Source data:
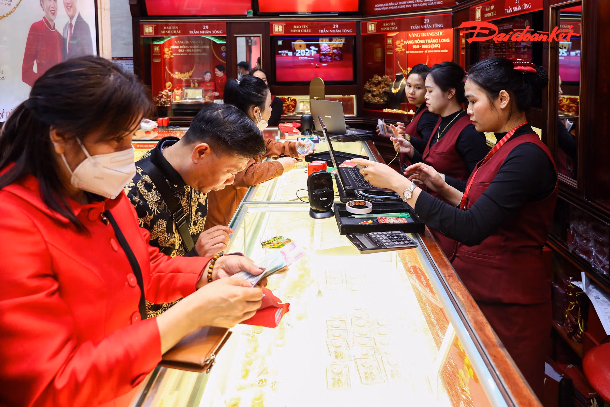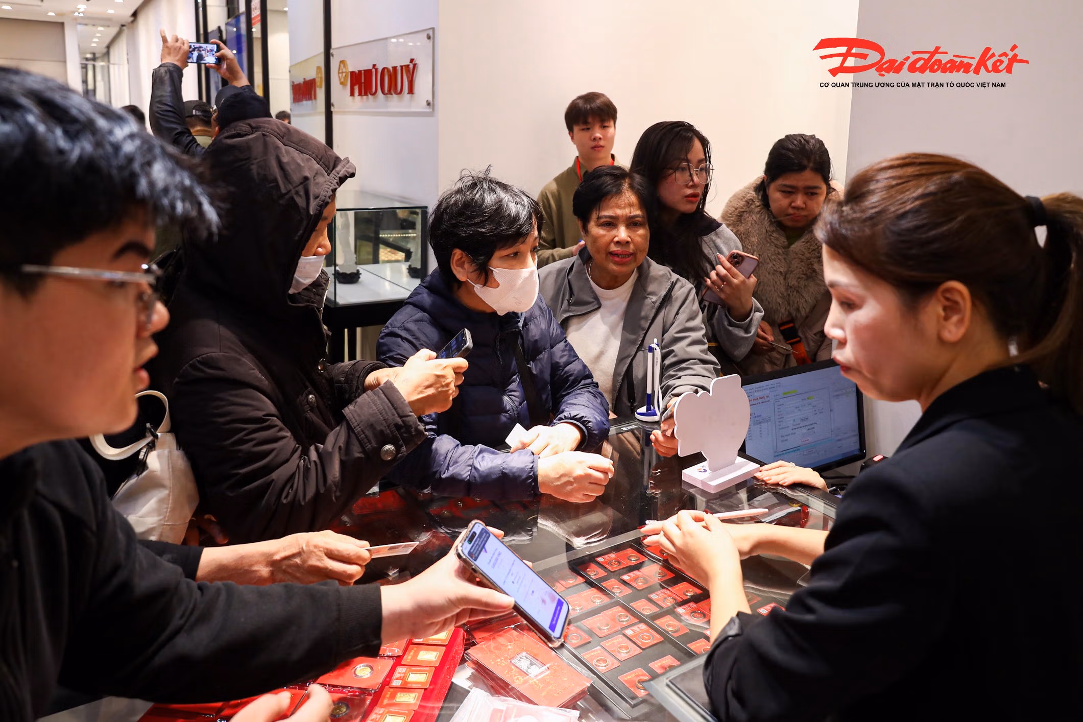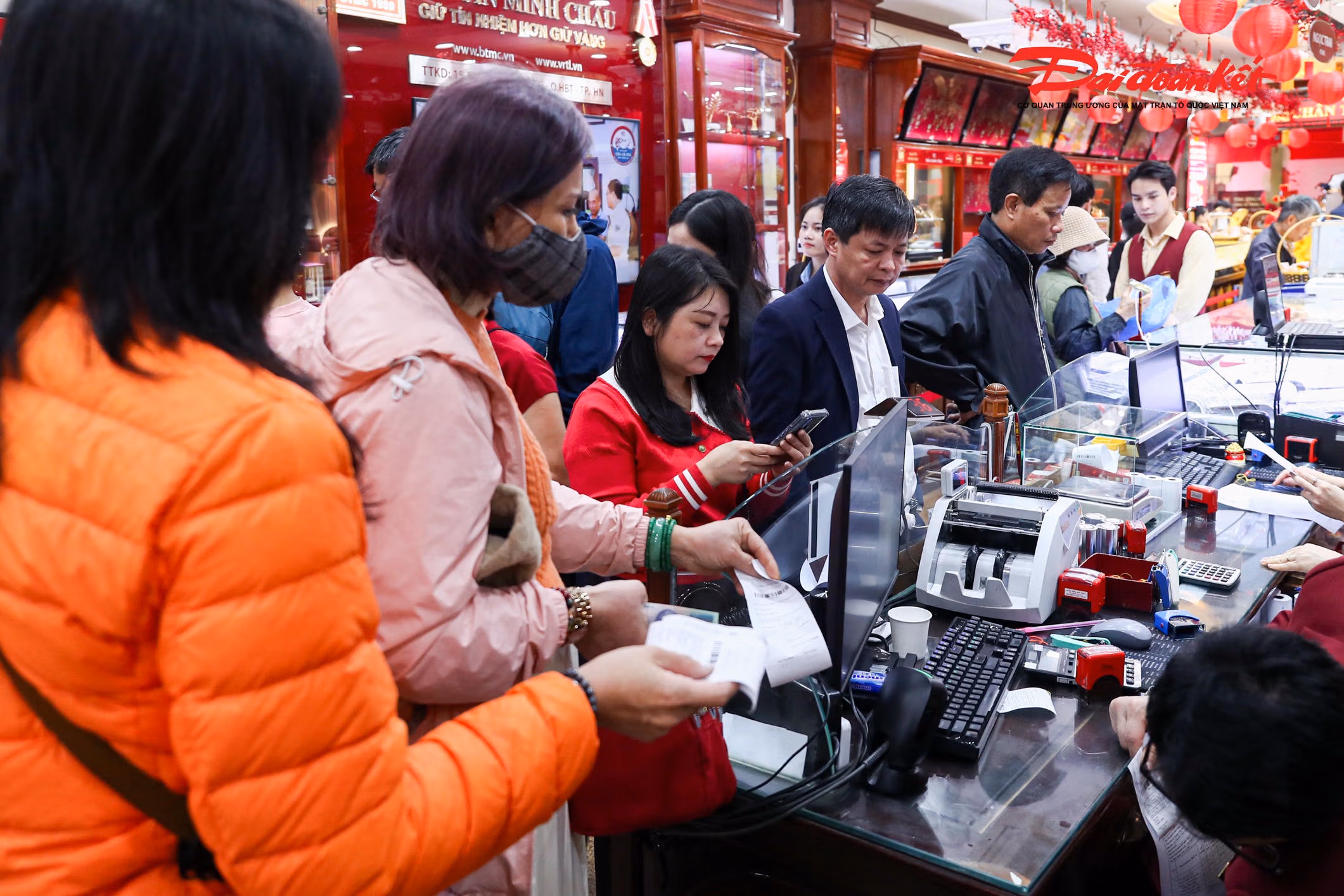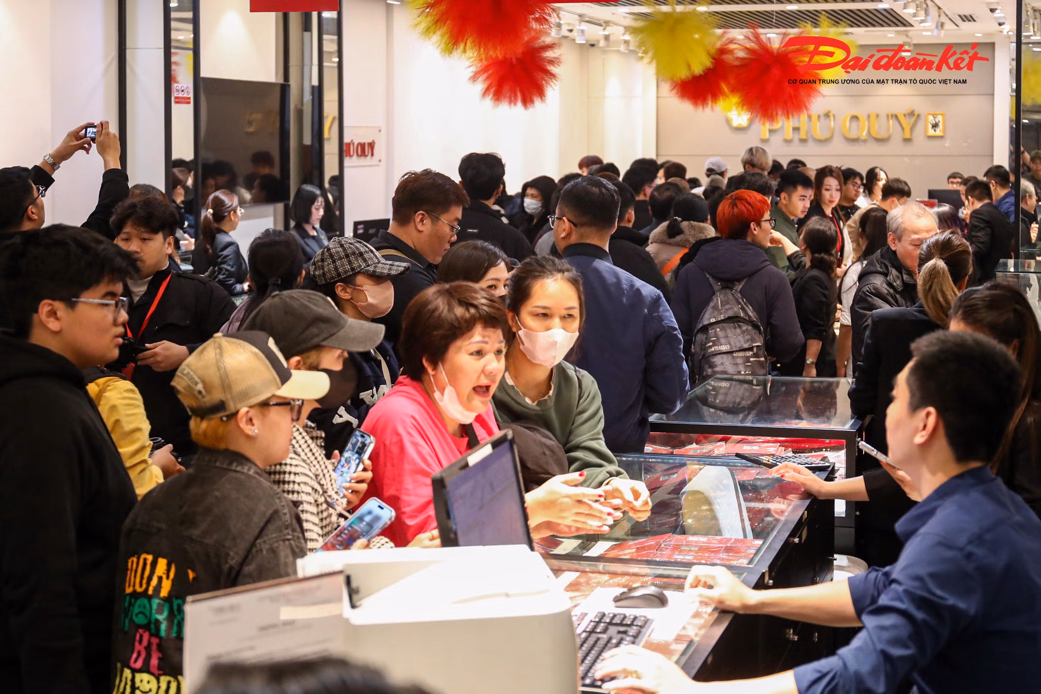 Khoảng 6h–6h30 sáng, các cửa hàng đồng loạt mở cửa, dòng khách xếp hàng từ sớm nhanh chóng di chuyển vào bên trong để thực hiện giao dịch mua vàng.
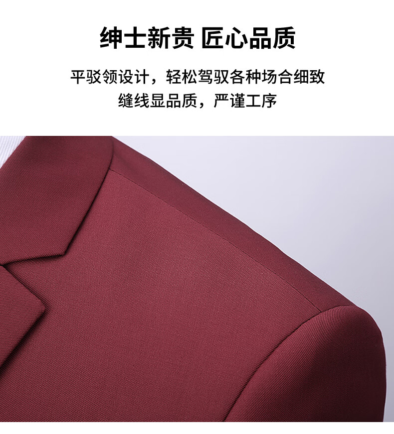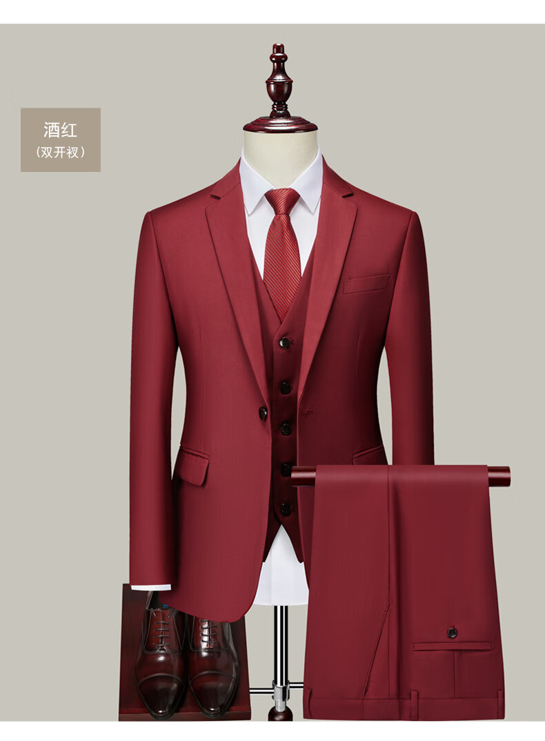 Pierre Cardin Suit Men's No-Iron Slim Three-piece Red Casual Suit Jacket Men's Business Formal Wear Groom Wedding Burgundy Suit+Trousers+XL 180 Weight 140-155Jin Jin equals 0.5 kg
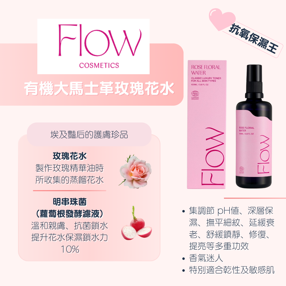 • 100% 純天然,是製作玫瑰精華油時所收集的蒸餾花水,集調節 pH值、深層保濕、撫平細紋、延緩衰老、舒緩鎮靜、修復、提亮等多重功效。
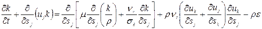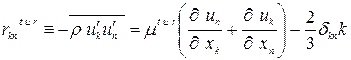можно строго получить из уравнений Навье - Стокса путём соответствующей процедуры, включающей осреднение по Рейнольдсу. Это уравнение оказывается незамкнутым. Для замыкания необходимы модельные представления отдельных его членов. Ограничимся приведением следующей формы этого уравнения
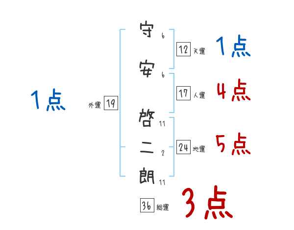 総運![]() | 守安啓二朗さんの総運は36画の3つ星!先見性が豊かです。多少神経質で苦労することも。 あなたの人生を表す1番重要な運勢です。生涯を通じて影響する総合運となり、主に50歳以降の晩年期に影響を及ぼします。 |
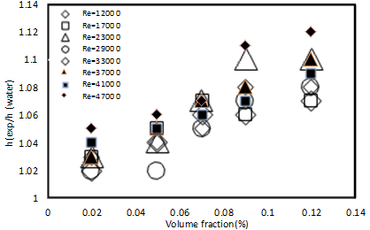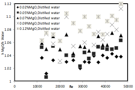 Figure 8. The curve for the ratio of heat transfer coefficient of MgO/water nanofluid to distilled water at different concentrations of nanoparticles in terms of the Reynold’s number
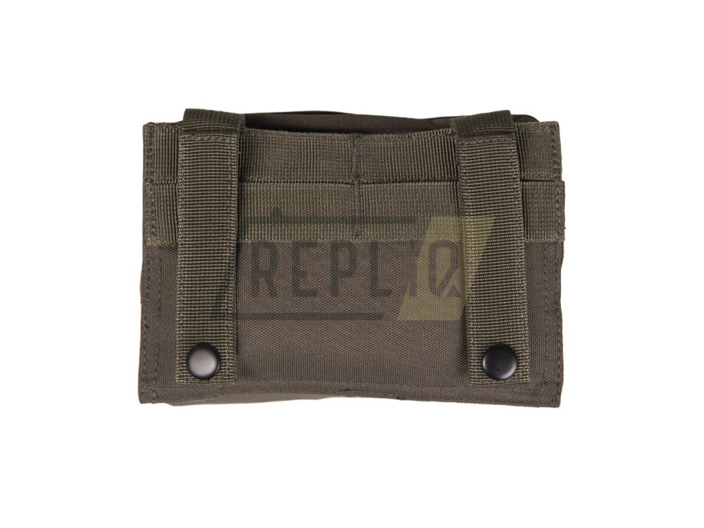 Taktické pouzdro z přední strany s laser MOLLE vazbou, na zadní straně klasické MOLLE pásky na druky. Celou přední stranu pokrývá suchý zip, ideální pro vaše velcro nášivky.
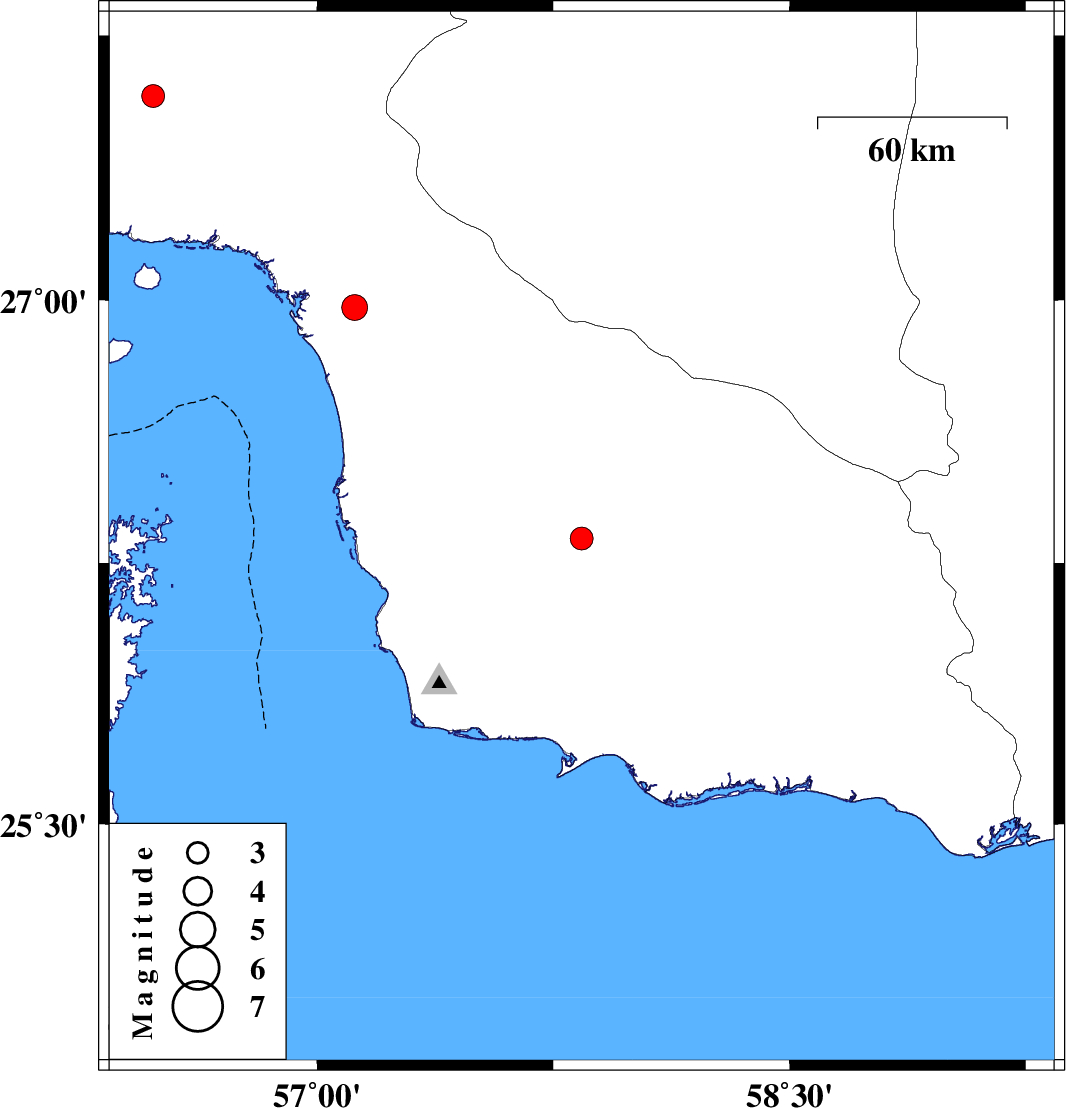 2008/06/23 | 22:16:14.6 | 02:46:14.6 | 27.58 | 56.48 | 14 | ML:3.3 | 48 km North-East of Bandar-e abbas, Hormozgan Province | ||
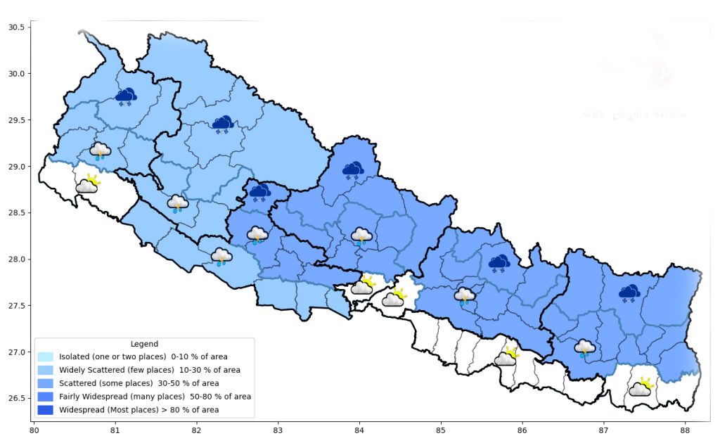 जल तथा मौसम विज्ञान विभाग, मौसम पूर्वानुमान महाशाखाका अनुसार आज दिउँसो देशभर साधारणतया बादल लाग्नेछ । कोशी, बागमती, गण्डकी र लुम्बिनी प्रदेशको पहाडी र हिमाली भूभागका थोरै स्थान साथै कर्णाली र सुदूरपश्चिम प्रदेशका पहाडी र हिमाली भूभाग तथा लुम्बिनी प्रदेशको तराई भूभागका एकदुई स्थानमा मेघगर्जन र चट्याङसहित हल्का वर्षा र हिमपातको सम्भावना छ ।
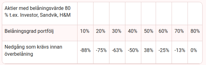 Observera att just den tabellen utgår från att du får belåna upp till 80% av värdepappernas värde.

▸ **ASSIGNED TASK**
Take the line that contains "Figure 8. The" and every line after it down to the last line of the entries above, and output them exactly, with nothing else and no pictures.

▸ **EXERCISE SOLUTION**
 Figure 8. The curve for the ratio of heat transfer coefficient of MgO/water nanofluid to distilled water at different concentrations of nanoparticles in terms of the Reynold’s number
 Taktické pouzdro z přední strany s laser MOLLE vazbou, na zadní straně klasické MOLLE pásky na druky. Celou přední stranu pokrývá suchý zip, ideální pro vaše velcro nášivky.
 2008/06/23 | 22:16:14.6 | 02:46:14.6 | 27.58 | 56.48 | 14 | ML:3.3 | 48 km North-East of Bandar-e abbas, Hormozgan Province | ||
 जल तथा मौसम विज्ञान विभाग, मौसम पूर्वानुमान महाशाखाका अनुसार आज दिउँसो देशभर साधारणतया बादल लाग्नेछ । कोशी, बागमती, गण्डकी र लुम्बिनी प्रदेशको पहाडी र हिमाली भूभागका थोरै स्थान साथै कर्णाली र सुदूरपश्चिम प्रदेशका पहाडी र हिमाली भूभाग तथा लुम्बिनी प्रदेशको तराई भूभागका एकदुई स्थानमा मेघगर्जन र चट्याङसहित हल्का वर्षा र हिमपातको सम्भावना छ ।
 Observera att just den tabellen utgår från att du får belåna upp till 80% av värdepappernas värde.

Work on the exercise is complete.